● **Work to complete**
Output each line of the listing exactly, though pictures are not to appear.

● **Dataset section**
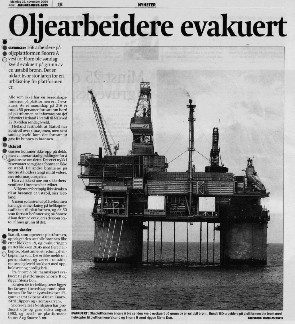 Utblåsningen på Snorre A – enormt storulykkepotensial
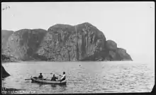 According to a legend montagnais, the cape Trinité would be the result of the combat between Mayo, the first Montagnais, and of a bad manitou. While he was paddling on the Saguenay, a creature appeared from the river to attack it. Mayo, responding only with his courage, took the creature by the tail and smashed it on the mountain. It was at the third stroke that the beast was crushed, which explains the three levels of the cape. Where the manitou hit the rock, no more vegetation grew.[2]
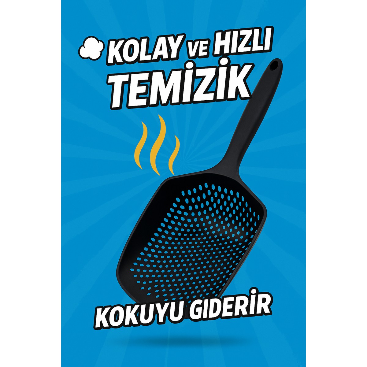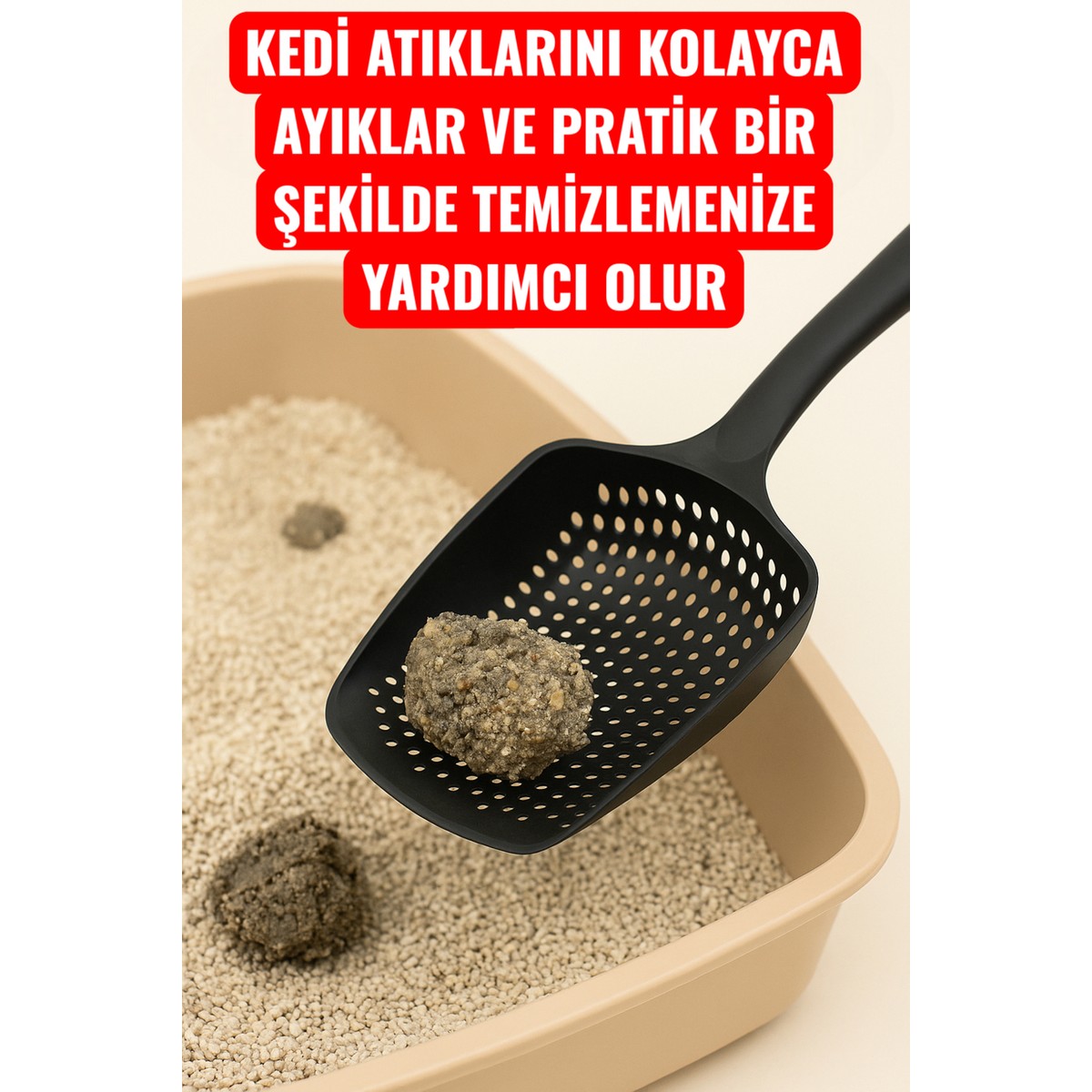 Siyah Kedi Kum Küreği, Kedi Kumu Temizleme Küreği Dayanıklı Kedi Tuvalet Küreği Elekli Kum Kürek
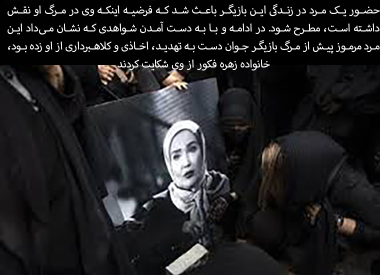 The presence of a man in the actress's life led to speculation that he had a role in her death. Later, with evidence showing that this mysterious man had threatened, extorted, and defrauded the young actress before her death, Zohreh Fakur's family filed a lawsuit against him.

● **Solution for this task**
 Utblåsningen på Snorre A – enormt storulykkepotensial
 According to a legend montagnais, the cape Trinité would be the result of the combat between Mayo, the first Montagnais, and of a bad manitou. While he was paddling on the Saguenay, a creature appeared from the river to attack it. Mayo, responding only with his courage, took the creature by the tail and smashed it on the mountain. It was at the third stroke that the beast was crushed, which explains the three levels of the cape. Where the manitou hit the rock, no more vegetation grew.[2]
 Siyah Kedi Kum Küreği, Kedi Kumu Temizleme Küreği Dayanıklı Kedi Tuvalet Küreği Elekli Kum Kürek
 The presence of a man in the actress's life led to speculation that he had a role in her death. Later, with evidence showing that this mysterious man had threatened, extorted, and defrauded the young actress before her death, Zohreh Fakur's family filed a lawsuit against him.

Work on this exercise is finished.